=== Extracted records ===
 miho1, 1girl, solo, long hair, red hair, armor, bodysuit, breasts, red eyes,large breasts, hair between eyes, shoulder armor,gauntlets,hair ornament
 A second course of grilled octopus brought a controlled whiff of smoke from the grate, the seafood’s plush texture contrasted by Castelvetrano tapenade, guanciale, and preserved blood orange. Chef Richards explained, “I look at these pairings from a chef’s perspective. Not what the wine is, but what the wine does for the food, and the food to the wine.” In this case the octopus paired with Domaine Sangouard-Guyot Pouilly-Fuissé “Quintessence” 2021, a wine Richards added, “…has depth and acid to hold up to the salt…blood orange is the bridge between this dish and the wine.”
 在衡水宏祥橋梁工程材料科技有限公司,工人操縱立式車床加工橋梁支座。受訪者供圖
===
=== Extracted records ===
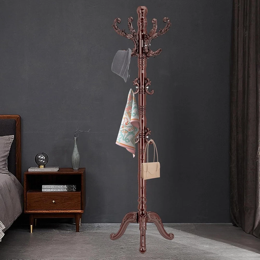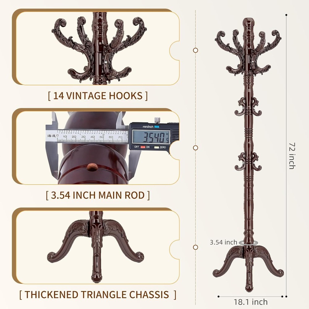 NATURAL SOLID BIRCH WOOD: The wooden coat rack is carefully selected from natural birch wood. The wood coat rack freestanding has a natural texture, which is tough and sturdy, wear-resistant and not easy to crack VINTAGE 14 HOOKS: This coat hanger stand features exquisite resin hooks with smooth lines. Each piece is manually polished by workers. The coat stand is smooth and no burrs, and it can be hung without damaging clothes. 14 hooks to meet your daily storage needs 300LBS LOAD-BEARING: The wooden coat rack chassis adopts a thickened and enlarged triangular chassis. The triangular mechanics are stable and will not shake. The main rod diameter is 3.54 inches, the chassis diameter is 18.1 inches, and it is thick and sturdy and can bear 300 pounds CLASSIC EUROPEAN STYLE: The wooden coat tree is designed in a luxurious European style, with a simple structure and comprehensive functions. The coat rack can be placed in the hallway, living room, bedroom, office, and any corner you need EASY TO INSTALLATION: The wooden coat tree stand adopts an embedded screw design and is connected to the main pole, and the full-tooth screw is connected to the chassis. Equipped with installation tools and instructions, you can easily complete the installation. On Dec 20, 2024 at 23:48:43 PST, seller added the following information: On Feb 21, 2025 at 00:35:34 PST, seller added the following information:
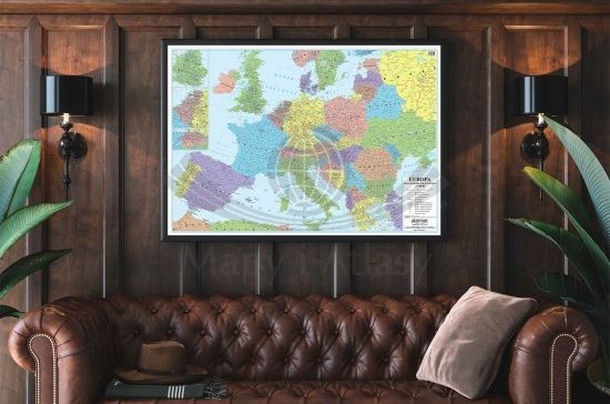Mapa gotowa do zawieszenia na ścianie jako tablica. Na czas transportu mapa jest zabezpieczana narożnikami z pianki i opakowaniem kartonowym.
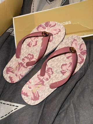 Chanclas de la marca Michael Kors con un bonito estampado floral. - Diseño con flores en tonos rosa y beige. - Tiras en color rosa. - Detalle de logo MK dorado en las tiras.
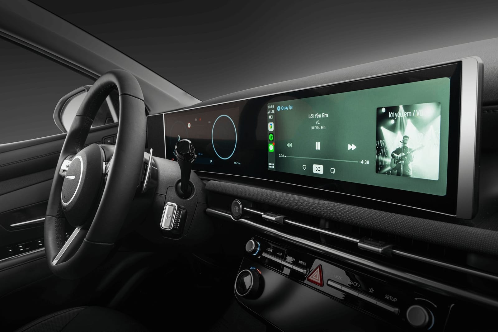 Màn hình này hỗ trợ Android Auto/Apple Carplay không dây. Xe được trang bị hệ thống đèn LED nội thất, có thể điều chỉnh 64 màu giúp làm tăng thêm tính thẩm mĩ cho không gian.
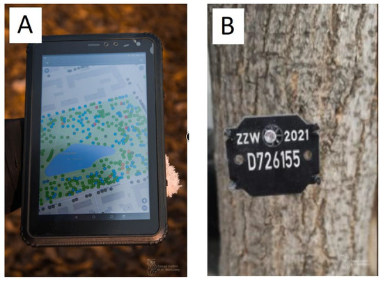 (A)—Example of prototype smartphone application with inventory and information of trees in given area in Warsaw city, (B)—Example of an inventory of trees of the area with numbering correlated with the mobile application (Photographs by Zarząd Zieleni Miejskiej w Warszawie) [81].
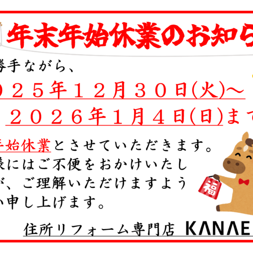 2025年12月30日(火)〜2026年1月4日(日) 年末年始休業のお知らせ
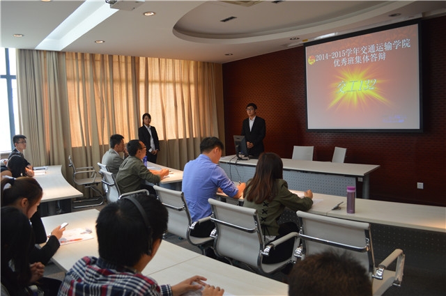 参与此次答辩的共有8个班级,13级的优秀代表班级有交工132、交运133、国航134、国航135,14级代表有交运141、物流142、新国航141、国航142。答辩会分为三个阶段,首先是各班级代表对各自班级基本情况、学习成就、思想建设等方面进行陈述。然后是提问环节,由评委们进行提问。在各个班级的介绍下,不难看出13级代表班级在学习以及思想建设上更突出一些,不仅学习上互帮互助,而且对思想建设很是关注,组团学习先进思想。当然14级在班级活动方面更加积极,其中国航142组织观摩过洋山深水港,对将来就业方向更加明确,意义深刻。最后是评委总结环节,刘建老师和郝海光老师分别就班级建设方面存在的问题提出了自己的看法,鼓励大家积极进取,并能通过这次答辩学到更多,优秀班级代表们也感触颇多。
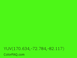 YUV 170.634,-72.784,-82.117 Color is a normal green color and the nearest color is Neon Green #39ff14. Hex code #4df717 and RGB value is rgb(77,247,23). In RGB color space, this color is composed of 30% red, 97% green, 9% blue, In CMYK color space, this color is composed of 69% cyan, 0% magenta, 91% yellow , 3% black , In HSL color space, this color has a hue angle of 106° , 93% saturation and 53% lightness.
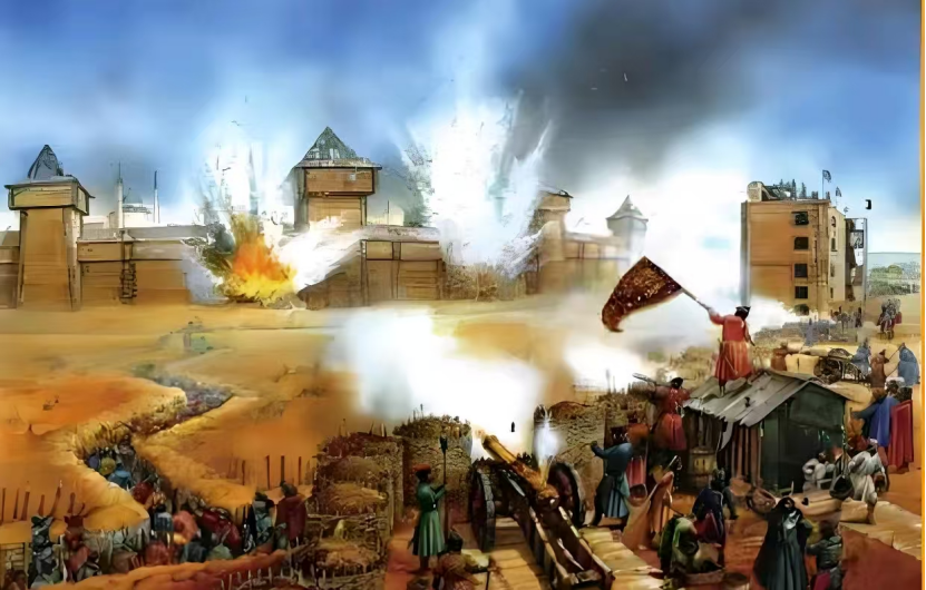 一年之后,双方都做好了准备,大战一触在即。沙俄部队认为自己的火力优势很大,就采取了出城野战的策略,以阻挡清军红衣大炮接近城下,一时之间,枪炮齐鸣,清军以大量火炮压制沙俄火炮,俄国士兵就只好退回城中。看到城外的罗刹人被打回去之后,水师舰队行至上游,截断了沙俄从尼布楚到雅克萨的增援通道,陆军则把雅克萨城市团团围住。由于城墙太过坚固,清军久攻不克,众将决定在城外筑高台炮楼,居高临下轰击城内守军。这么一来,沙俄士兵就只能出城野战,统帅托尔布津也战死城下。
===
=== Extracted records ===
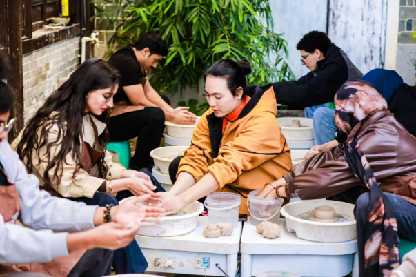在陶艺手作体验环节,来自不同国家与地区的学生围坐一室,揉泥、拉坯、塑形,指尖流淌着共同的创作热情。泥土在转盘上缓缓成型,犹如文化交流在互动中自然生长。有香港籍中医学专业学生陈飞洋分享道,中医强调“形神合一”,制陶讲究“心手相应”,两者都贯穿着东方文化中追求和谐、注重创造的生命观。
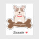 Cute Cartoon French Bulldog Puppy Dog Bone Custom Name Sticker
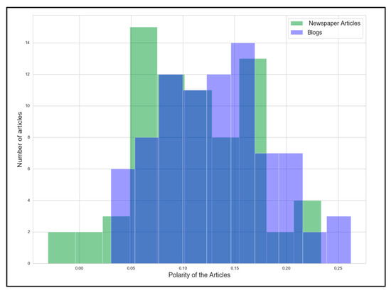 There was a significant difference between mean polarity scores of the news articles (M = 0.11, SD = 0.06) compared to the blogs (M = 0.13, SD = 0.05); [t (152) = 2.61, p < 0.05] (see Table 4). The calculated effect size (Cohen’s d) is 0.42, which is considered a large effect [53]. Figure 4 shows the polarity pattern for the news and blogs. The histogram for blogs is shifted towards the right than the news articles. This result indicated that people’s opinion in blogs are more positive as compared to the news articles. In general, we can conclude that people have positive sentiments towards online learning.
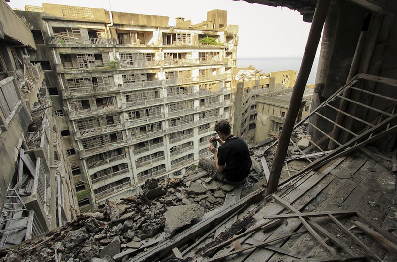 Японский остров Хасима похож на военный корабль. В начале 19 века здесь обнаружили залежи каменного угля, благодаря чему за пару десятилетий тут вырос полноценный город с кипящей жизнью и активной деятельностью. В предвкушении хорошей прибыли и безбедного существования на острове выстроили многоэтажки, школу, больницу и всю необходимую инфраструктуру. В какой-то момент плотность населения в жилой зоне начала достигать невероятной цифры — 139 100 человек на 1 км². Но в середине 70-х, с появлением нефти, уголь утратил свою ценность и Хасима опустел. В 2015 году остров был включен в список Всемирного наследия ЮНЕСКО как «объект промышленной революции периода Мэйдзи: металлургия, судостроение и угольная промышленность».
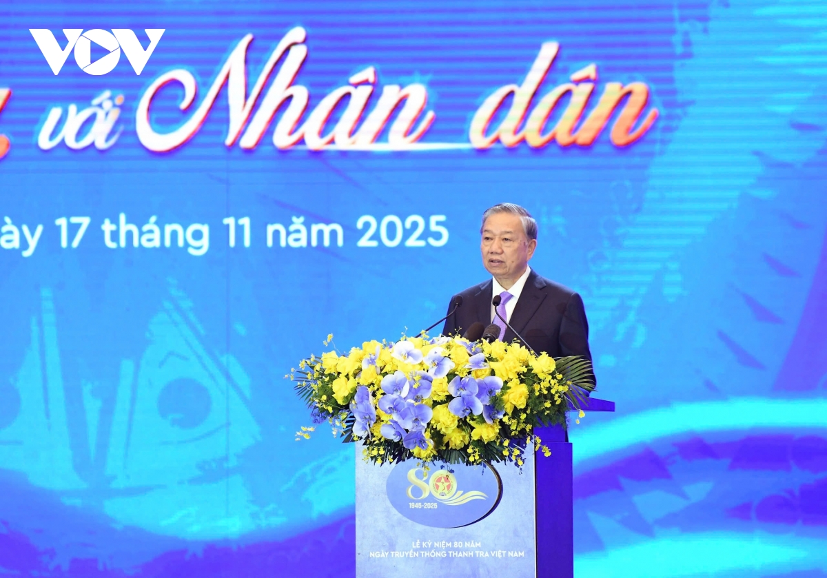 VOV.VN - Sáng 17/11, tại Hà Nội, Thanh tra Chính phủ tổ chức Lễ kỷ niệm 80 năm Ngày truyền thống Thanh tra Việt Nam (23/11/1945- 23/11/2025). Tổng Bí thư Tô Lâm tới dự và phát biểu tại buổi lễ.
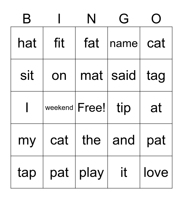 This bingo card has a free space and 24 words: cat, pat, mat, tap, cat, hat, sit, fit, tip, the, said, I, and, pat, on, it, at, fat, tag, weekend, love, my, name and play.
===
■ **Exercise aim**
Copy word for word the span of the records above that begins at the line with "VOV.VN - Sáng" and ends at the line with "This bingo card", including those two lines but not the pictures.

■ **Your response**
 VOV.VN - Sáng 17/11, tại Hà Nội, Thanh tra Chính phủ tổ chức Lễ kỷ niệm 80 năm Ngày truyền thống Thanh tra Việt Nam (23/11/1945- 23/11/2025). Tổng Bí thư Tô Lâm tới dự và phát biểu tại buổi lễ.
 This bingo card has a free space and 24 words: cat, pat, mat, tap, cat, hat, sit, fit, tip, the, said, I, and, pat, on, it, at, fat, tag, weekend, love, my, name and play.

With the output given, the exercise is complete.